Tania Álvarez

Personal information
- Born: 4 October 1994 (age 31)

Sport
- Country: Spain
- Sport: Canoe marathon
- Event: K-1, K-2

Medal record
Representing Spain
Women's canoe marathon
World Championships
| Gold medal – first place | 2022 Ponte de Lima | K-2 |
| Gold medal – first place | 2025 Győr | K-2 |
| Silver medal – second place | 2019 Shaoxing | K-2 |
| Silver medal – second place | 2021 Pitești | K-2 |
| Silver medal – second place | 2023 Vejen | K-2 |
| Bronze medal – third place | 2018 Vila Verde | K-2 |
European Championships
| Silver medal – second place | 2019 Decize | K-2 |
| Silver medal – second place | 2024 Poznań | K-1 |
| Bronze medal – third place | 2023 Slavonski Brod | K-2 |

= Tania Álvarez =

Spanish canoeist (born 1994)

Tania Alvarez (born 4 October 1994) is a Spanish marathon canoeist.

==Career==
Fernández competed at the 2022 ICF Canoe Marathon World Championships and won a gold medal in the K-2 event with a time of 1:58:09.56, along with Tania Fernández.
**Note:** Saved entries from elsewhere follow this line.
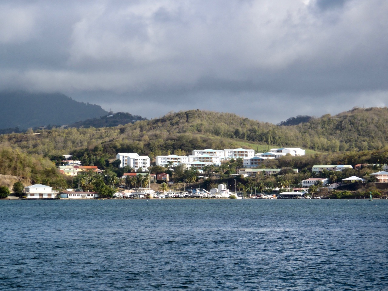 We arrived to Marigot Bay in St. Lucia early in the afternoon. As you enter the bay, the hilltops are festooned with colorful villas/homes/rentals.
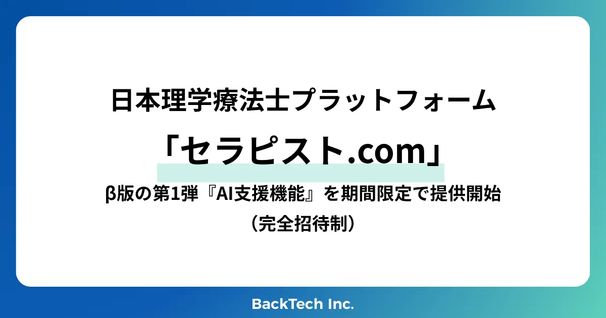 2025年6月26日、株式会社バックテックが開発する日本理学療法士プラットフォーム「セラピスト.com」が初のAI支援機能をβ版としてリリースします。本機能は完全な招待制での提供となり、招待コードを持つ利用者に限定されているものの、期待が高まる内容です。本記事では、このプラットフォームの基本コンセプトやAI機能の具体的な内容について詳しくご紹介します。
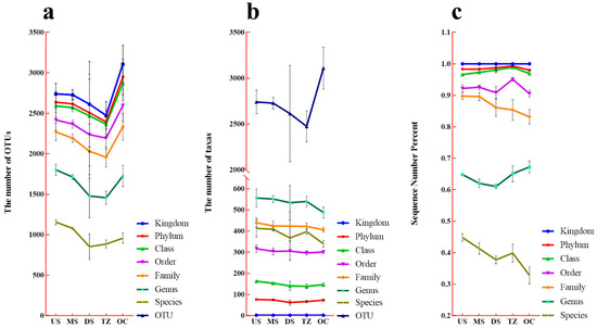 Taxonomic annotation profiles at six classification levels. (a) Operational Taxonomic Unit (OTU) richness. (b) Taxonomic richness (phylum to species). (c) Percentage distribution of sequence reads among dominant taxa.
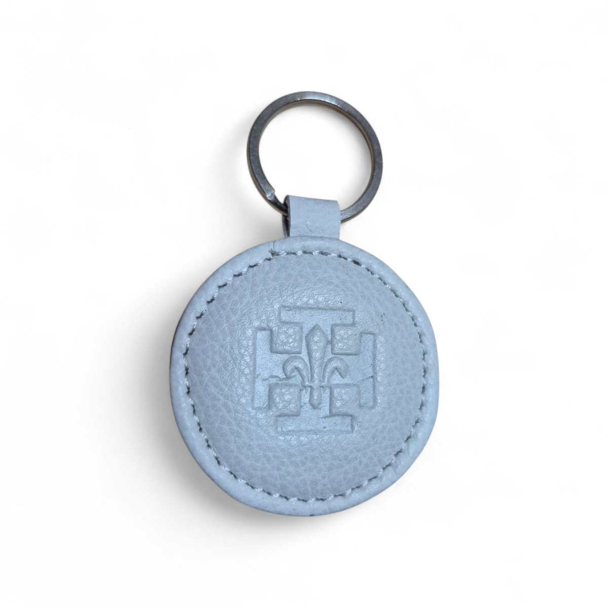 Porte clés rond en cuir de couleur avec logo croix SUF.
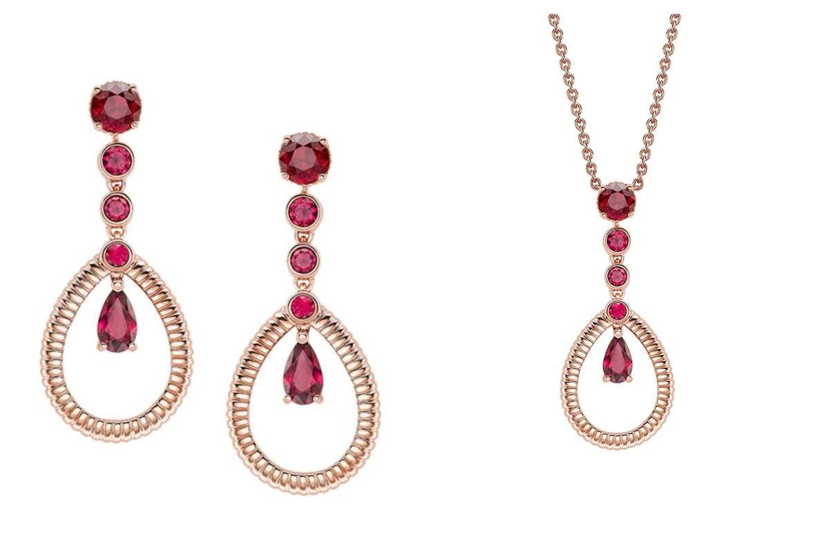 浓郁复古感的祖母绿与18K黄金色搭配显得复古精致,合适肤色较白的女性; 红宝石合适与洋气的玫瑰金搭配,热烈豪迈; 而蓝宝石与18K白金色的组合则显得俗气洁净。 3,多种镶嵌工艺和具未来感的凹槽刻纹唯美不抵触 这组作品中除采用了经典的爪镶外, 从大到小排列的宝石则采用包镶方式呈现,包镶相比爪镶,不是十分的显宝石火彩,但却能呈现出禁欲般的复古洁净感; 另外3爪镶主石部分,爪上有吸珠, 假如想要更奢华一些的效果,能够在爪上镶嵌钻石,也就是对镶嵌工艺请求比较高的爪上镶石,效果应该是能够的。

She competed at the 2023 ICF Canoe Marathon World Championships and won a silver medal in the K-2 event with a time 1:53:32.00, finishing 0.43 seconds behind the gold medal-winning Hungarians. In September 2025, she competed at the 2025 ICF Canoe Marathon World Championships and won a gold medal in the K-2 event with a time of 1:51:26.22.